### Records
"""
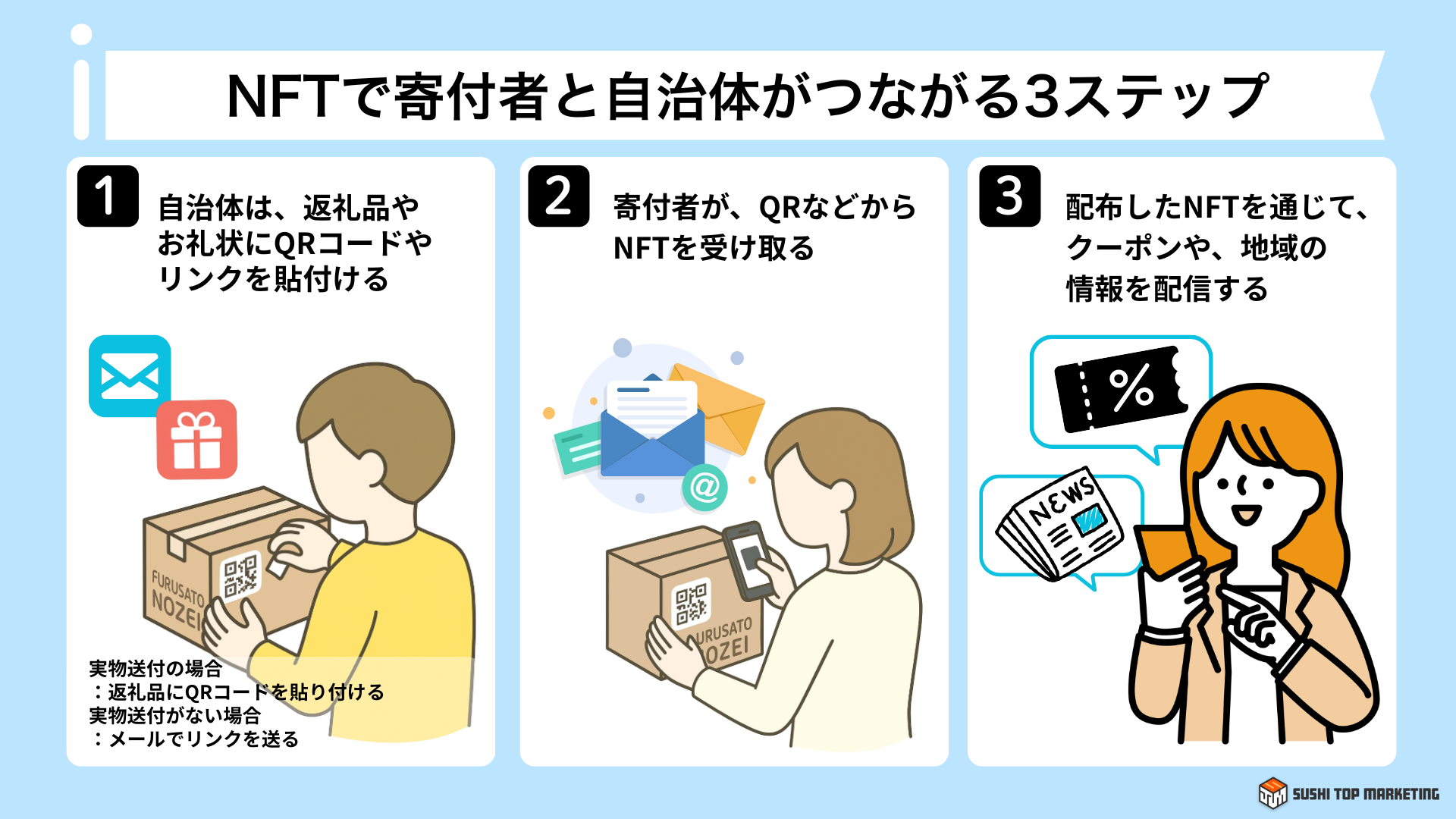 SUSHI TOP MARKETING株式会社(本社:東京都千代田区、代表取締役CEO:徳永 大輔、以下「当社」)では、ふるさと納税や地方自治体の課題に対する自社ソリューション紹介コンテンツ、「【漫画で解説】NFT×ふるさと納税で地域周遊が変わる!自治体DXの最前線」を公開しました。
"""
"""
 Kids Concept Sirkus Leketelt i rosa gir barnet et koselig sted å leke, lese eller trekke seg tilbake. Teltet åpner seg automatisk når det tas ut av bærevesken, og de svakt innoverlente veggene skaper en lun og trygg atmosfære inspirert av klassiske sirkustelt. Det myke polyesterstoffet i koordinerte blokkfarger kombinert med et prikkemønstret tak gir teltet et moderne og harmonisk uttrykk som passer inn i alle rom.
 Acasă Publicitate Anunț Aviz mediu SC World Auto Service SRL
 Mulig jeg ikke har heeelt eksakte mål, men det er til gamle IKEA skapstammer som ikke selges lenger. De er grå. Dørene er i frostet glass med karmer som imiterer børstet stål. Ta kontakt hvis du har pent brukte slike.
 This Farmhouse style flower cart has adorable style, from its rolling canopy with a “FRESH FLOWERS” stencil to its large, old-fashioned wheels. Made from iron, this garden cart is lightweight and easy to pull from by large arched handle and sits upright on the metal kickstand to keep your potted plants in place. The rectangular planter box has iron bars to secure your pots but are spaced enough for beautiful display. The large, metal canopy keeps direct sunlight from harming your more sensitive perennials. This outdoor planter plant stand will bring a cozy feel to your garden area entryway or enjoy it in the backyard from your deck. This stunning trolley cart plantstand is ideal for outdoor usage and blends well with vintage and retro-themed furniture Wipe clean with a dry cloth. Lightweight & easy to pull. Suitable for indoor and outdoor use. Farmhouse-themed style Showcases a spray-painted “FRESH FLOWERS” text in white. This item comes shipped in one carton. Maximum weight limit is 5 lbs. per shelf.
"""
"""
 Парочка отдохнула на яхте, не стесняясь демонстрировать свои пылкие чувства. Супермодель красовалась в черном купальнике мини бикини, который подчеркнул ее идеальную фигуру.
"""
### Problem statement
Here the job is to set down exactly the lines of the material above that fall between the one with "Acasă Publicitate Anunț" and the one with "Mulig jeg ikke", inclusive, and nothing beyond them.

### Answer box
 Acasă Publicitate Anunț Aviz mediu SC World Auto Service SRL
 Mulig jeg ikke har heeelt eksakte mål, men det er til gamle IKEA skapstammer som ikke selges lenger. De er grå. Dørene er i frostet glass med karmer som imiterer børstet stål. Ta kontakt hvis du har pent brukte slike.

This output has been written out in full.